Provided material:
▬▬▬

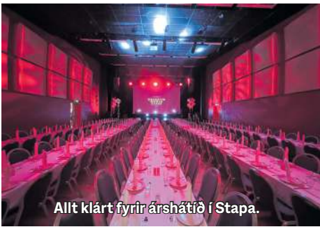
Allt klárt fyrir árs hátíð í Stapa.
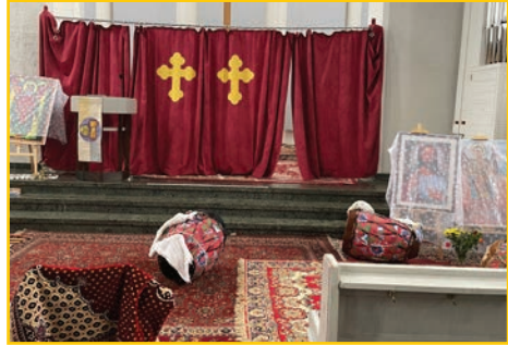
Äthiopischer Gottesdienst in unserer Kirche
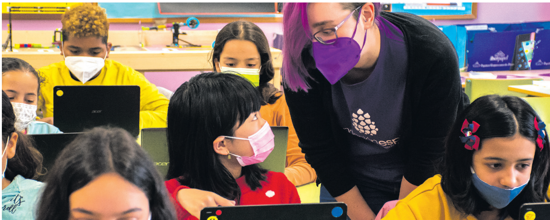
Con el proyecto #ChicasIntech desarrollamos talleres en centros educativos y en entidades sociales.

Desde Fundación Esplai hemos asumido el reto de contribuir a la reducción de la brecha de género desde nuestro trabajo con jóvenes. Para lograrlo, desarrollamos el proyecto #ChicasIntech, que enmarca diferentes acciones para contribuir al empoderamiento de las niñas y jóvenes promoviendo las vocaciones científicas y tecnológicas.
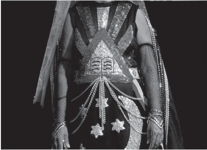
Figura 1 - MEDIUM Apara no Vale do Amanhecer em Brasília/ (Fonte: Batista, 2003).
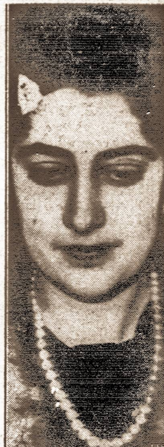
Išleka. — Romoje paskelbta, kad Italijos karaliaus dukterė Princesė Maria netrukus ištekės už Princo Louis Bourbono.

Šiais metais iš Lietuvos paukščiai į šiltus kraštus skrido daug vėliau, kaip kitais metais.
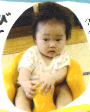
クラスで一番小さいちゃんパンボに座って遊びに参加したよ

9名全員が揃った日、布つみきで遊んだよ。軽くて、色々な形があるよ。皆で、高く積み重ねて遊べるようになったら、もっと楽しいネ!!
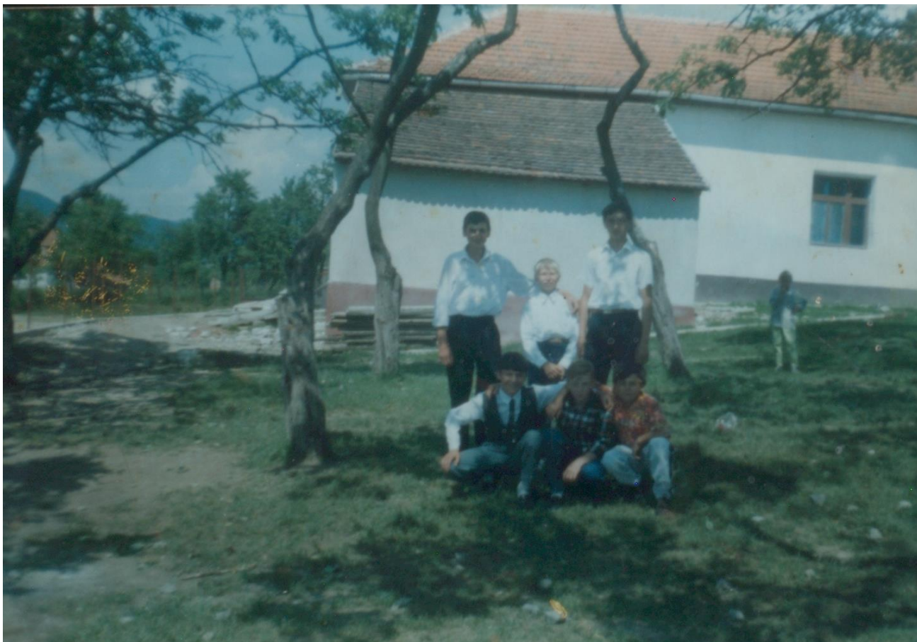
ȘCOALA DIN BOINEȘTI - 1996

Proiect finanțat de Ministerul Culturii și Identității Naționale Beneficiarul proiectului: Județul Satu Mare, Consiliul Județean Implementat și coordonat de Biblioteca Județeană Satu Mare
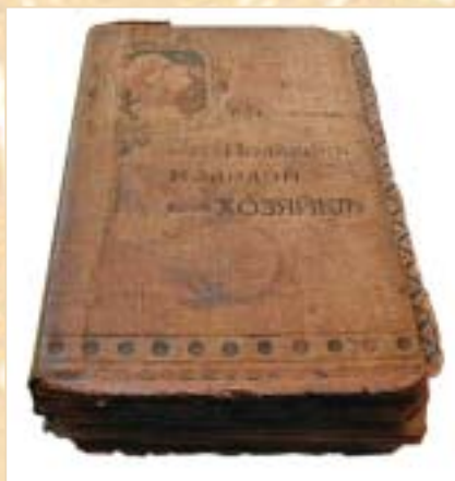
Одно из первых изданий Е. Молоховец

Составляя книгу, Молоховец преследовала, по ее словам, три цели. Во-первых, чтобы познать самих хозяек с кухней и вообще с хозяйством. Для этого она собрала описание разных необходимых в хозяйстве запасов: печенья, булок, сухарей, варенья, запасов овощей и фруктов, соленья, мяса, рыбы и прочего. Во-вторых, чтобы уменьшить расходы в домашних делах и научить хозяек самим выдавать провизию из
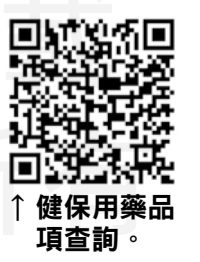
↑ 健保用藥品項查詢。

• 有關健保用藥品項，相關異動藥價資訊說明，全國藥師可至健保署網站查詢。健保署網站 http://t.cn/AiWyCUE2
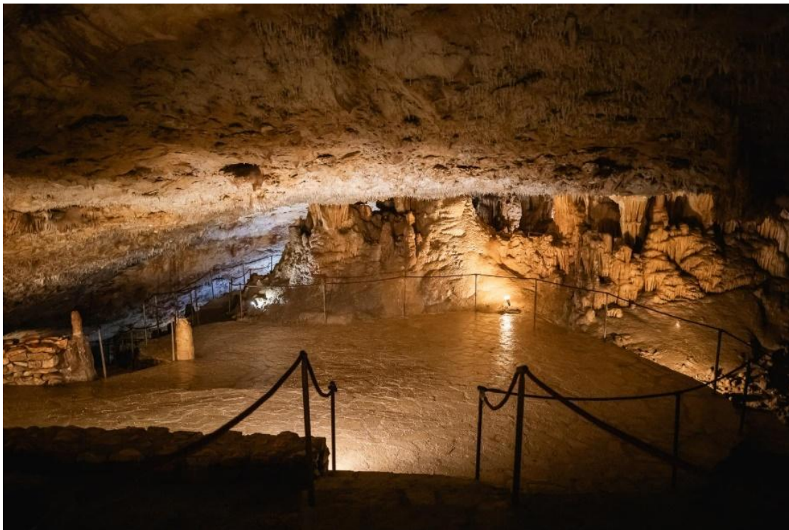
Slika 8. Unutrašnjost špilje Mramornice

▬▬▬

Problem: Both boundary lines included, write out word for word only the lines above from the one containing "Proiect finanțat de" to the one containing "Одно из первых изданий Е. Молоховец", leaving out any pictures.

Expected output:
Proiect finanțat de Ministerul Culturii și Identității Naționale Beneficiarul proiectului: Județul Satu Mare, Consiliul Județean Implementat și coordonat de Biblioteca Județeană Satu Mare
Одно из первых изданий Е. Молоховец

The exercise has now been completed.